*Work required:* Look in the material below for the line with "Umbra Tug Modern" and the line with "Below is an", then set down exactly those two lines and all lines between, nothing more.

*Recorded information:*
************

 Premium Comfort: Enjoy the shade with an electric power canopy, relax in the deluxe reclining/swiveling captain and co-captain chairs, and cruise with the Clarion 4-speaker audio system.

************

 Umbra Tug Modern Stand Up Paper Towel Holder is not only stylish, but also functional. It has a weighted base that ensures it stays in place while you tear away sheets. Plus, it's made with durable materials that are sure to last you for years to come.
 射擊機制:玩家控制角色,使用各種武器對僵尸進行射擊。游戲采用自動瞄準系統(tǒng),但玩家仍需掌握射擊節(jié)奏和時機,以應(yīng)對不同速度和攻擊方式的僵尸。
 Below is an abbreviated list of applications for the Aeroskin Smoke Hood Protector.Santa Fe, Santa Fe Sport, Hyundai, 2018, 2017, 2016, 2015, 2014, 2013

************

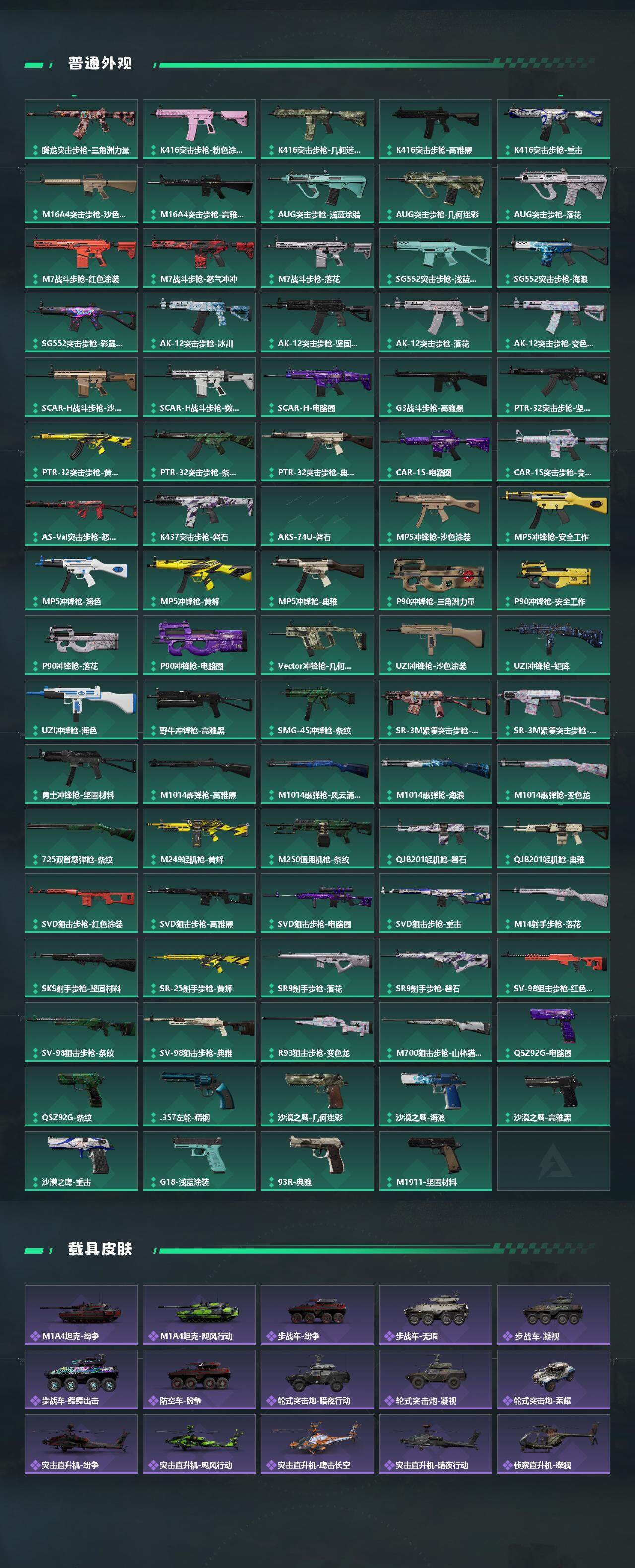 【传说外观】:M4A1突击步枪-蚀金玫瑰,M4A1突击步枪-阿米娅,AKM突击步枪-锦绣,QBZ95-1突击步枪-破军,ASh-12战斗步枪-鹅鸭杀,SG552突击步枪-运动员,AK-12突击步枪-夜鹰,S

************

*Task output:*
 Umbra Tug Modern Stand Up Paper Towel Holder is not only stylish, but also functional. It has a weighted base that ensures it stays in place while you tear away sheets. Plus, it's made with durable materials that are sure to last you for years to come.
 射擊機制:玩家控制角色,使用各種武器對僵尸進行射擊。游戲采用自動瞄準系統(tǒng),但玩家仍需掌握射擊節(jié)奏和時機,以應(yīng)對不同速度和攻擊方式的僵尸。
 Below is an abbreviated list of applications for the Aeroskin Smoke Hood Protector.Santa Fe, Santa Fe Sport, Hyundai, 2018, 2017, 2016, 2015, 2014, 2013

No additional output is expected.